=== WHAT THE EXERCISE ASKS ===
Your job is to retype all of the data word for word, leaving every image out.

=== RECORDS FOR THIS TASK ===
# # # # # # #
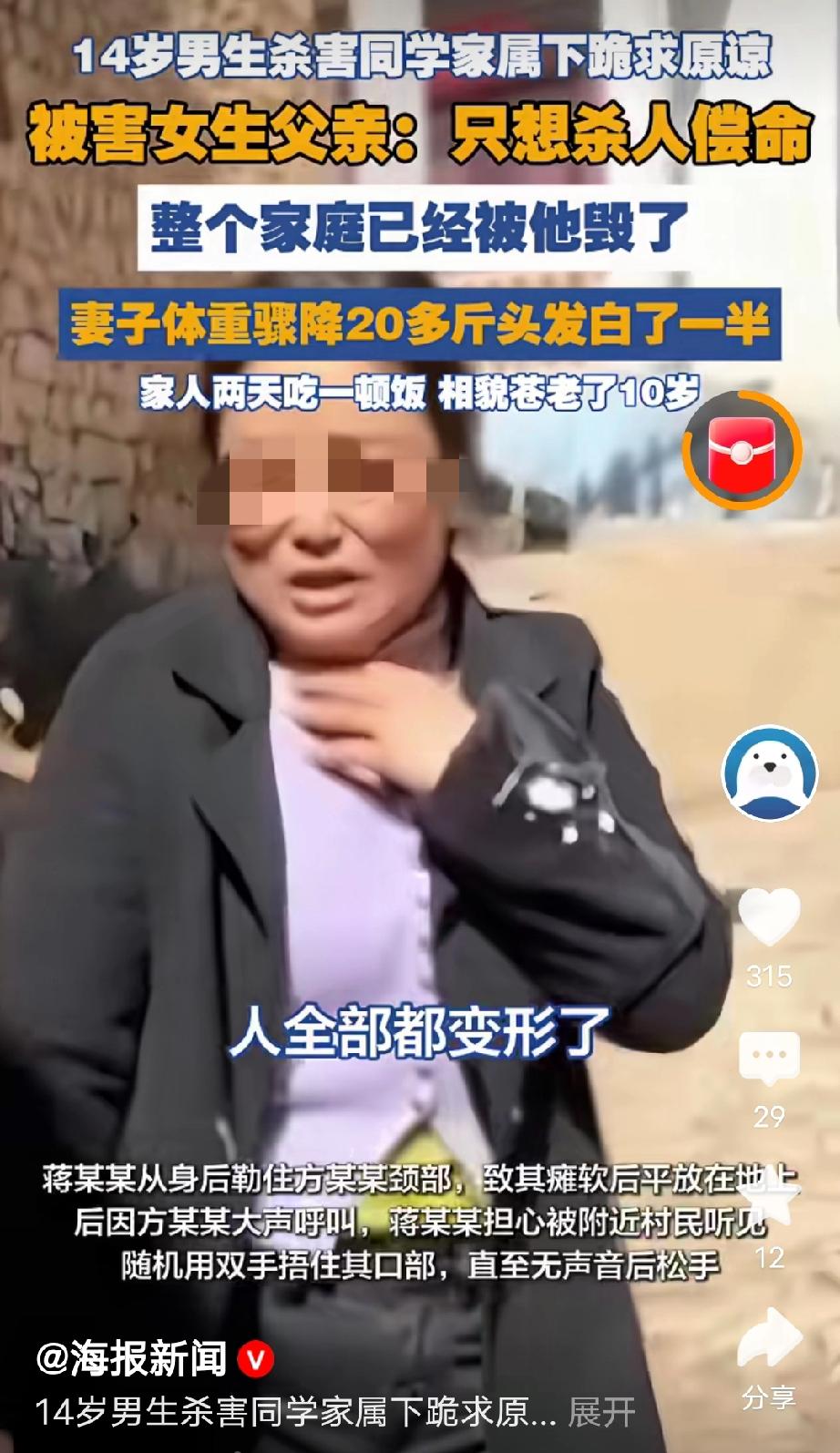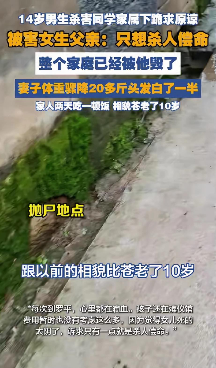 云南曲靖,15岁女生去同学家聚会,结束后14岁男生送她回家,不料,半路男生做出不当举动被拒后,导致女生不幸离世,女生父母悲痛欲绝,短短时间女孩母亲头发白了一半,瘦了20多斤,人看上去老了10多岁,法庭上男生下跪求原谅,并承诺给女生父母养老,女孩父亲坚决表示:一分赔偿都不要,只求依法严惩,为女儿讨回公道。 2025年7月6号,方先生15岁的女儿方某涵接到闺蜜电话,邀请她去家里聚会。 方先生和妻子听到女儿要去玩,便问她是到哪里去聚会,都有谁? 方某涵告诉父母,他们就是同班同学一起聚聚、玩玩,闺蜜家就在某某村不远处。 方先生听到女儿说出了那个地方后,确认她闺蜜离自己家只有600多米,夫妻俩都认为那么近的距离应该问题不大,所以就准许她出去玩玩,毕竟孩子大了有她的社交圈。 而且那段时间正逢暑假,孩子偶尔玩晚一点,大不了第二天给她晚点起床,所以方先生就没过多干涉女儿出行。 没想到,半夜一点多,静悄悄的村子里突然响起了广播,方先生被吵醒后仔细一听,广播里传来:有人在路边发现一个女孩倒在路边,已经没有生命体征。 听到这,方先生夫妇想起了自己的女儿,他们赶紧起身前往女儿的房间,发现女儿还没回来。 他们不禁有些担忧,顾不了那么多,赶忙往事发地跑。 当方先生来到事发地,只看到他们的女儿,躺在地上一动不动,方先生夫妇赶紧冲过去抱住女儿,发现她已经没了呼吸。 夫妻俩悲痛欲绝,当场报警,民警通过排查同行人员,当晚聚会、送人的只有蒋某某与方某涵同行,是最后接触者,之后民警又查看了周边的监控视频,最终锁定嫌疑人蒋某某。 另外还有村民告诉方先生,当天晚上大概12点左右,蒋某某还到附近老人家讨水喝,目的应该是查看是否有人发现异常。 警方结合各种证言证词,在7月7号当天将蒋某某抓获。 当天,面对民警的到来,蒋某某洋装镇定,正准备出门跟母亲上山采蘑菇,民警把他带走时,他还一副很无辜的表情。 可当民警审讯时拿出监控后,蒋某某绷不住了,很快承认了相关事实。 随着案件一步步查清,女孩不幸离世的完整经过也浮出水面,留给两个家庭的却是无尽的伤痛与悔恨。 事发三天后,蒋某某家人登门道歉,并下跪请求方先生原谅。 可失去女儿的锥心之痛,又岂是几句道歉就能抹平的?无论对方如何恳求,方先生夫妇始终无法原谅。 法庭上蒋某某下跪请求方先生夫妇原谅,并承诺以后会给他们养老送终,但方先生夫妇没有原谅。 方先生坚决表示,一分赔偿不要,只要求依法严惩凶手。 不过,据了解蒋某某作案时距离满14周岁还有一个多月。 相关法律规定,已满十二周岁不满十四周岁的人,情节恶劣的,经核准追诉的,应当负刑事责任。 已满十四周岁不满十六周岁的人犯严重罪行应当负刑事责任,对不满十八周岁的人犯罪应当从轻或减轻处罚。 蒋某某作案时还差一个月才满十四周岁,属于十二至十四周岁区间,情节极其恶劣,必须经核准追诉才能追责,并非绝对不担责。 相关法律规定,情节严重者将处以重刑,结合未成年人不适用死刑的规定,即便核准追诉蒋某某也不会被判死刑。 蒋某某行为恶劣,已涉嫌严重违法,法庭上道歉、承诺养老都不能抵消罪行,只能作为悔罪参考,受害者家属放弃赔偿只求严惩的态度,相关部门在处理时会充分考量,法律不会因年纪小就放任恶性行为,一定会依法给出公正结果。 写在最后:真的希望所有人都能引以为戒,不管年纪大小,都要守住法律和道德的底线,别一时冲动犯下大错,既毁了别人一生,也搭进去自己的一辈子,更要懂得尊重他人,敬畏法律,千万不要走上违法犯罪的绝路。
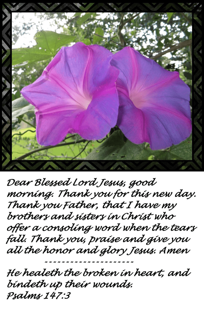 Dear Blessed Lord Jesus, good morning. Thank you for this new day. Thank you Father, that I have my brothers and sisters in Christ who offer a consoling word when the tears fall. Thank you, praise and give you all the honor and glory Jesus. Amen
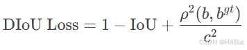 DIoU Loss 在 IoU 的基础上,增加了中心点距离的惩罚项。公式如下:
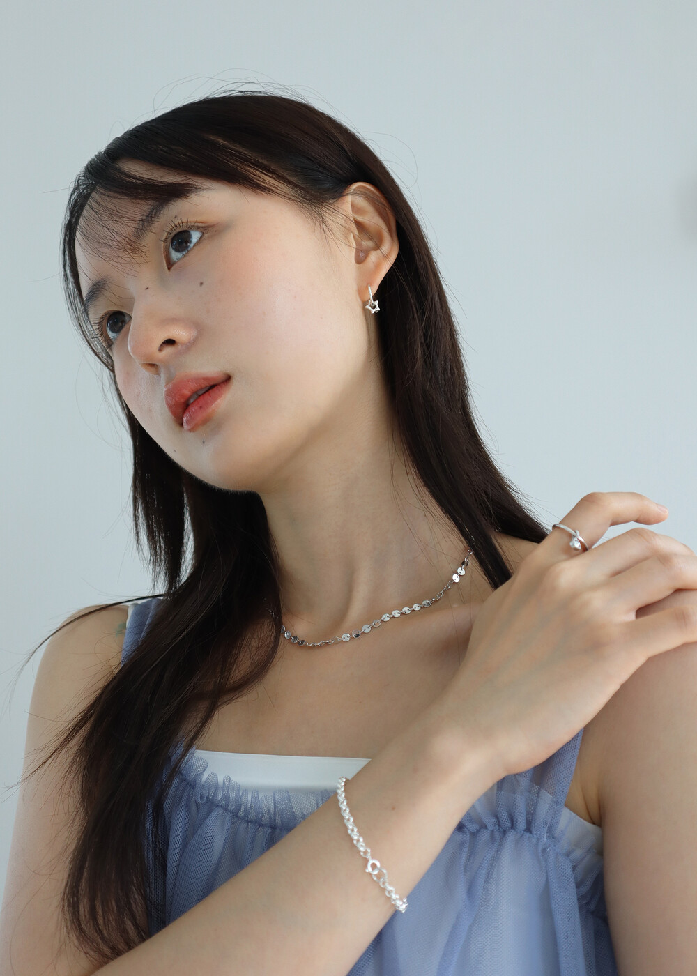 After care : 은 소재 (sterling silver)는 폴리싱천을 사용하시면 은 변색을 쉽게 제거 할 수 있습니다. 간단히 세척을 할 수 있는 방법으로는 치약을 미지근한 물에 희석후 부드러운 솔로 문질러주면서 닦아 주는 방법과 안쓰는 립스틱을 티슈나 부드러운 천에 묻힌 후 닦아주는 방법이 있습니다. 가장 좋은 방법으론 시증에 판매하는 은 전용폴리싱천을 이용하여 가볍게 닦아주시거나, 은/금 세척액에 담구어 사용하시는것을 추천드립니다.
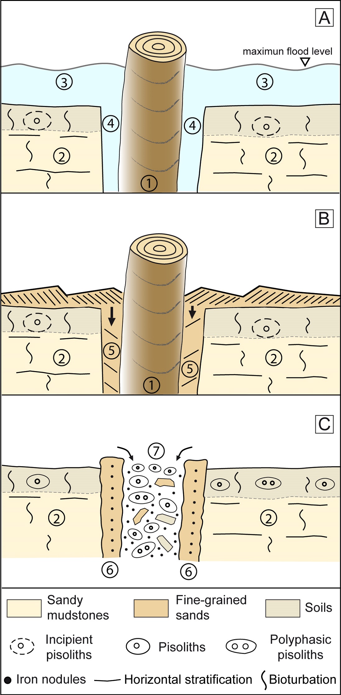 Although new interpretations on the origin of the column-like geoforms of the Asencio Formation have been proposed (e.g., Morrás et al., 2010; Alonso-Zarza et al., 2011; Genise et al., 2011; Turner et al., 2017), a clear and definitive explanation is not forthcoming yet. Some explanations for the ferrification episodes giving rise to pisoliths are available (Veroslavsky and Martínez, 1996; Martínez et al., 2001, 2015; Martínez and Veroslavsky, 2003; Kraus and Hasiotis, 2006; Tófalo and Morrás, 2009; Morrás et al., 2010; Tófalo and Pazos, 2010). Pisoliths associated with ferricretes probably had a pedogenetic origin in the paleosurface owing to soil development. After undergoing intense erosion, the pisolithic materials were probably reworked and accumulated in many voids. This suggests the column geoforms could have not been concretions because some columns display cross-sections marked by concentric rims (Fig. 9B), also described by other authors (e.g., Pazos et al., 1998; Goso and Guérèquiz, 2001; Genise et al., 2011). The vertical disposition of the column-like geoforms, their random areal distribution, and the presence of root-like casts at their basal parts (Fig. 7; Figs. B1, B2. Appendix B), allow us to assume that these geoforms were trunk casts. The reduced basal extent of the columns suggests that these developed from small roots near the base of the trunks. The column geoforms probably formed when the trunk casts underwent a sudden submergence (Fig. 16).
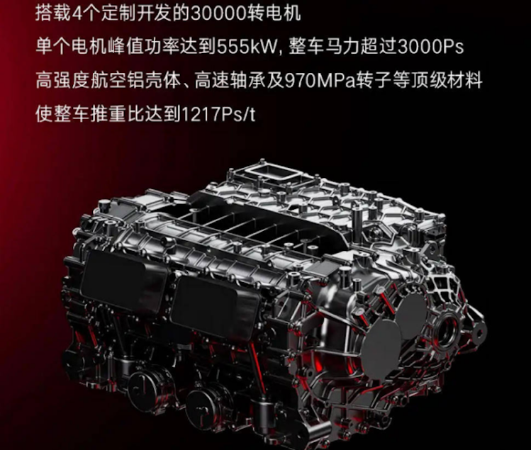 新车采用全域1200V超高压平台,配备四电机系统,系统总功率达到2220千瓦。新车还配备全新的赛道级刀片电池,通过优化电芯、降低内阻,配合全新的双层冷却结构,实现了30C的超高放电倍率。(资料来源:仰望汽车)
# # # # # # #
=== EXERCISE SOLUTION ===
 云南曲靖,15岁女生去同学家聚会,结束后14岁男生送她回家,不料,半路男生做出不当举动被拒后,导致女生不幸离世,女生父母悲痛欲绝,短短时间女孩母亲头发白了一半,瘦了20多斤,人看上去老了10多岁,法庭上男生下跪求原谅,并承诺给女生父母养老,女孩父亲坚决表示:一分赔偿都不要,只求依法严惩,为女儿讨回公道。 2025年7月6号,方先生15岁的女儿方某涵接到闺蜜电话,邀请她去家里聚会。 方先生和妻子听到女儿要去玩,便问她是到哪里去聚会,都有谁? 方某涵告诉父母,他们就是同班同学一起聚聚、玩玩,闺蜜家就在某某村不远处。 方先生听到女儿说出了那个地方后,确认她闺蜜离自己家只有600多米,夫妻俩都认为那么近的距离应该问题不大,所以就准许她出去玩玩,毕竟孩子大了有她的社交圈。 而且那段时间正逢暑假,孩子偶尔玩晚一点,大不了第二天给她晚点起床,所以方先生就没过多干涉女儿出行。 没想到,半夜一点多,静悄悄的村子里突然响起了广播,方先生被吵醒后仔细一听,广播里传来:有人在路边发现一个女孩倒在路边,已经没有生命体征。 听到这,方先生夫妇想起了自己的女儿,他们赶紧起身前往女儿的房间,发现女儿还没回来。 他们不禁有些担忧,顾不了那么多,赶忙往事发地跑。 当方先生来到事发地,只看到他们的女儿,躺在地上一动不动,方先生夫妇赶紧冲过去抱住女儿,发现她已经没了呼吸。 夫妻俩悲痛欲绝,当场报警,民警通过排查同行人员,当晚聚会、送人的只有蒋某某与方某涵同行,是最后接触者,之后民警又查看了周边的监控视频,最终锁定嫌疑人蒋某某。 另外还有村民告诉方先生,当天晚上大概12点左右,蒋某某还到附近老人家讨水喝,目的应该是查看是否有人发现异常。 警方结合各种证言证词,在7月7号当天将蒋某某抓获。 当天,面对民警的到来,蒋某某洋装镇定,正准备出门跟母亲上山采蘑菇,民警把他带走时,他还一副很无辜的表情。 可当民警审讯时拿出监控后,蒋某某绷不住了,很快承认了相关事实。 随着案件一步步查清,女孩不幸离世的完整经过也浮出水面,留给两个家庭的却是无尽的伤痛与悔恨。 事发三天后,蒋某某家人登门道歉,并下跪请求方先生原谅。 可失去女儿的锥心之痛,又岂是几句道歉就能抹平的?无论对方如何恳求,方先生夫妇始终无法原谅。 法庭上蒋某某下跪请求方先生夫妇原谅,并承诺以后会给他们养老送终,但方先生夫妇没有原谅。 方先生坚决表示,一分赔偿不要,只要求依法严惩凶手。 不过,据了解蒋某某作案时距离满14周岁还有一个多月。 相关法律规定,已满十二周岁不满十四周岁的人,情节恶劣的,经核准追诉的,应当负刑事责任。 已满十四周岁不满十六周岁的人犯严重罪行应当负刑事责任,对不满十八周岁的人犯罪应当从轻或减轻处罚。 蒋某某作案时还差一个月才满十四周岁,属于十二至十四周岁区间,情节极其恶劣,必须经核准追诉才能追责,并非绝对不担责。 相关法律规定,情节严重者将处以重刑,结合未成年人不适用死刑的规定,即便核准追诉蒋某某也不会被判死刑。 蒋某某行为恶劣,已涉嫌严重违法,法庭上道歉、承诺养老都不能抵消罪行,只能作为悔罪参考,受害者家属放弃赔偿只求严惩的态度,相关部门在处理时会充分考量,法律不会因年纪小就放任恶性行为,一定会依法给出公正结果。 写在最后:真的希望所有人都能引以为戒,不管年纪大小,都要守住法律和道德的底线,别一时冲动犯下大错,既毁了别人一生,也搭进去自己的一辈子,更要懂得尊重他人,敬畏法律,千万不要走上违法犯罪的绝路。
 Dear Blessed Lord Jesus, good morning. Thank you for this new day. Thank you Father, that I have my brothers and sisters in Christ who offer a consoling word when the tears fall. Thank you, praise and give you all the honor and glory Jesus. Amen
 DIoU Loss 在 IoU 的基础上,增加了中心点距离的惩罚项。公式如下:
 After care : 은 소재 (sterling silver)는 폴리싱천을 사용하시면 은 변색을 쉽게 제거 할 수 있습니다. 간단히 세척을 할 수 있는 방법으로는 치약을 미지근한 물에 희석후 부드러운 솔로 문질러주면서 닦아 주는 방법과 안쓰는 립스틱을 티슈나 부드러운 천에 묻힌 후 닦아주는 방법이 있습니다. 가장 좋은 방법으론 시증에 판매하는 은 전용폴리싱천을 이용하여 가볍게 닦아주시거나, 은/금 세척액에 담구어 사용하시는것을 추천드립니다.
 Although new interpretations on the origin of the column-like geoforms of the Asencio Formation have been proposed (e.g., Morrás et al., 2010; Alonso-Zarza et al., 2011; Genise et al., 2011; Turner et al., 2017), a clear and definitive explanation is not forthcoming yet. Some explanations for the ferrification episodes giving rise to pisoliths are available (Veroslavsky and Martínez, 1996; Martínez et al., 2001, 2015; Martínez and Veroslavsky, 2003; Kraus and Hasiotis, 2006; Tófalo and Morrás, 2009; Morrás et al., 2010; Tófalo and Pazos, 2010). Pisoliths associated with ferricretes probably had a pedogenetic origin in the paleosurface owing to soil development. After undergoing intense erosion, the pisolithic materials were probably reworked and accumulated in many voids. This suggests the column geoforms could have not been concretions because some columns display cross-sections marked by concentric rims (Fig. 9B), also described by other authors (e.g., Pazos et al., 1998; Goso and Guérèquiz, 2001; Genise et al., 2011). The vertical disposition of the column-like geoforms, their random areal distribution, and the presence of root-like casts at their basal parts (Fig. 7; Figs. B1, B2. Appendix B), allow us to assume that these geoforms were trunk casts. The reduced basal extent of the columns suggests that these developed from small roots near the base of the trunks. The column geoforms probably formed when the trunk casts underwent a sudden submergence (Fig. 16).
 新车采用全域1200V超高压平台,配备四电机系统,系统总功率达到2220千瓦。新车还配备全新的赛道级刀片电池,通过优化电芯、降低内阻,配合全新的双层冷却结构,实现了30C的超高放电倍率。(资料来源:仰望汽车)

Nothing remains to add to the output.